IRS wage levy? Two ways to get a release fast, no questions asked

When the IRS gets you with a levy, bad things can happen – your wages are frozen and you are looking at living without a paycheck. The money you need to pay bills is suddenly swiped out of your bank account.

This presents an urgent dilemma requiring immediate relief.

So, what are the two quickest ways to get an IRS levy released with no questions asked?

1. Bankruptcy.

Although for some a course of last resort, bankruptcy results in an immediate release of an IRS levy, no questions asked. The filing of bankruptcy results in what is known as a “stay” on collection actions by all creditors, including the IRS. There is no need for disclosures or negotiations with the IRS for relief from a levy – it is automatic by bankruptcy law.

2. Streamlined installment agreement.

If you owe the IRS $25,000 or less, you qualify for a repayment agreement with no financial disclosures. This speeds the levy release process and eliminates a drawn out negotiation process. When you enter into the installment agreement, the IRS will immediately release it’s levy against you. Sometimes, my clients pay down the amount they owe to $25,000 to qualify to get the quick levy release and avoid financial disclosures. The agreement requires repayment of your taxes within 60 months.

Another benefit to a streamlined installment agreement is that your monthly payment could be less than if you gave the IRS your income and living expenses and made a financial disclosure. This is because the most you will be committed to paying the IRS is approximately $425/month ($25,000/60 months). With no financial disclosures, the IRS makes a “streamlined” calculation of what you can pay. There is no application of the burdensome IRS collection allowances, and you can pay more than the minimum voluntarily to pay the IRS off sooner.

Although it is not as absolute as bankruptcy and a streamlined installment, the filing of an offer in compromise or innocent spouse claim can result in a levy release without more.
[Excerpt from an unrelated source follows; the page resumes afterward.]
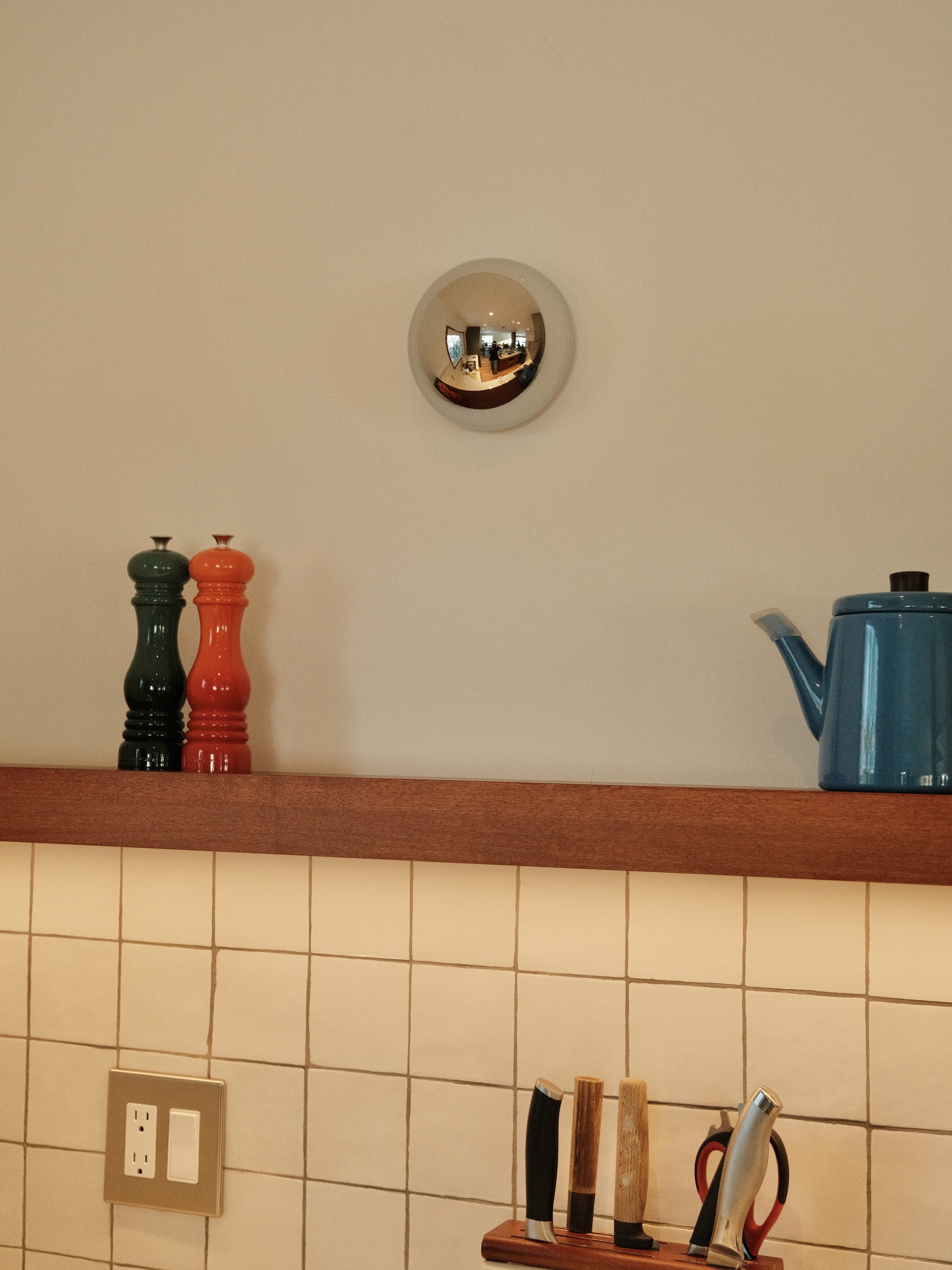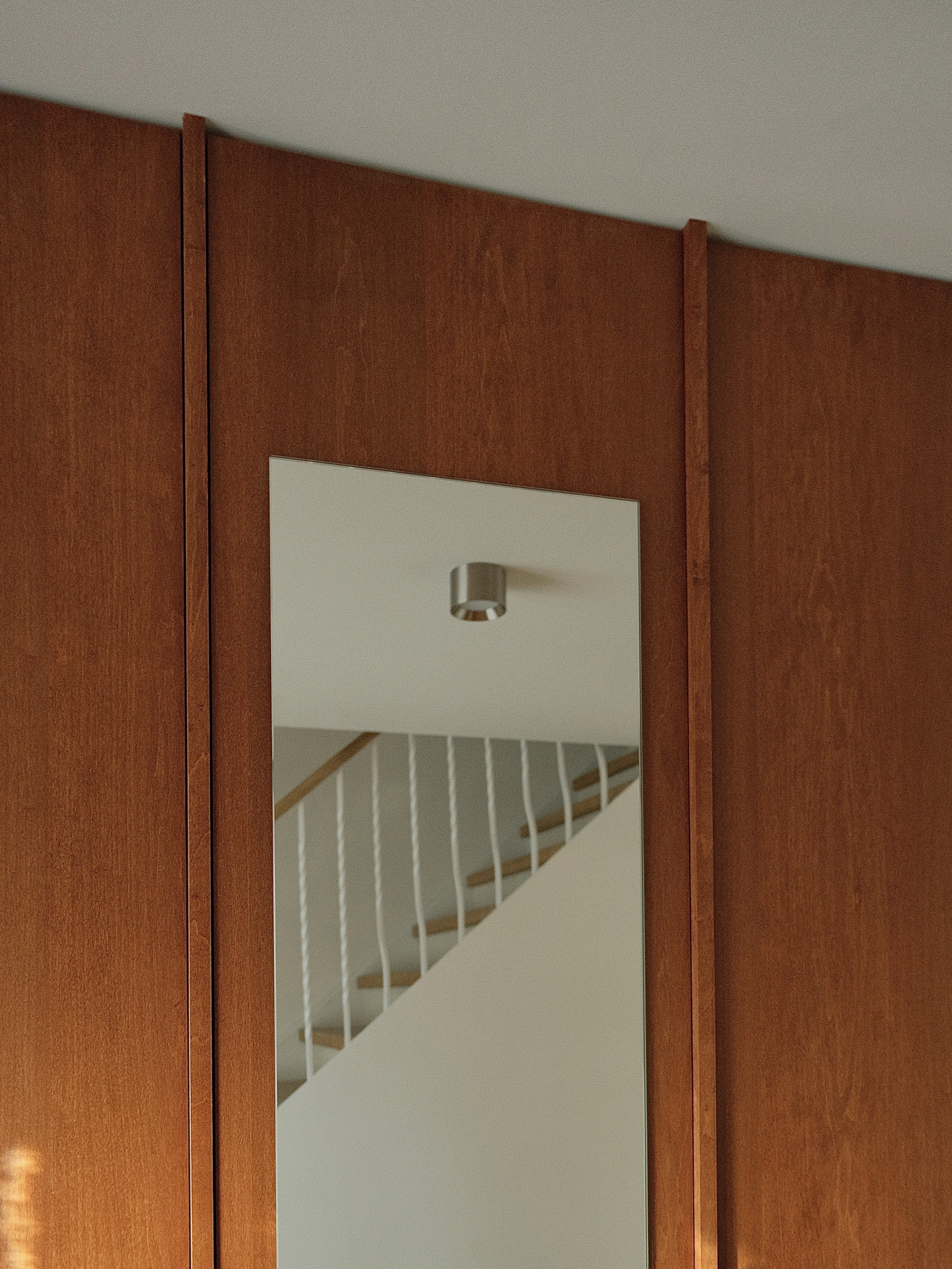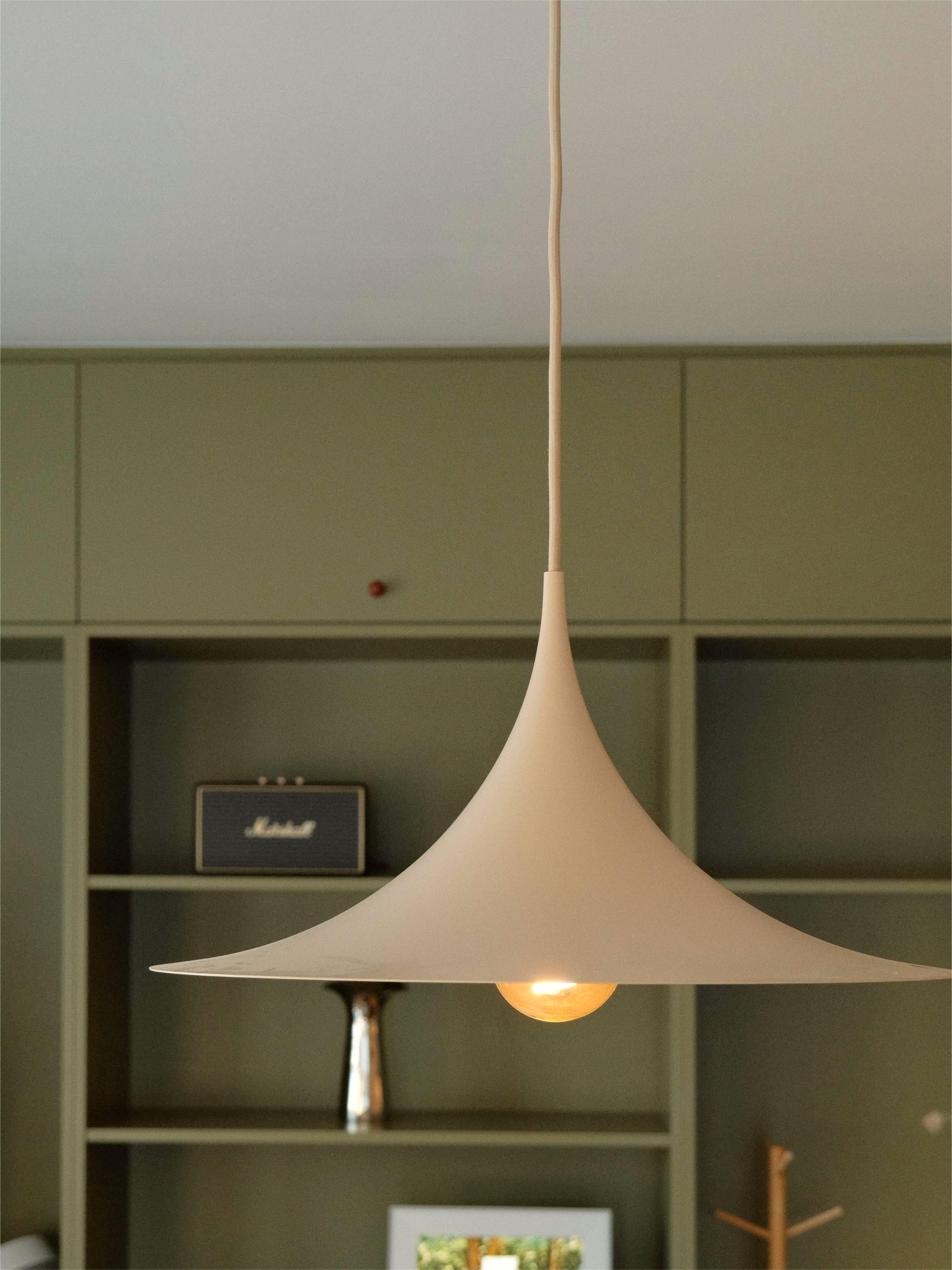 Anchored by a full-height olive green cabinetry wall and balanced with teak-toned kitchen elements, the palette draws from mid-century warmth and Bauhaus precision.

The IRS is required by law to suspend collection when either a compromise or an innocent spouse claim is filed. Technically, this means the IRS is prevented from sending out future levies, not releasing one already sent, but an IRS employee often exercises good discretion to release an existing levy automatically once an OIC or innocent spouse claim is filed.

Getting an IRS levy released is serious business, and knowing the rules and understanding how to navigate through them is key to quick results.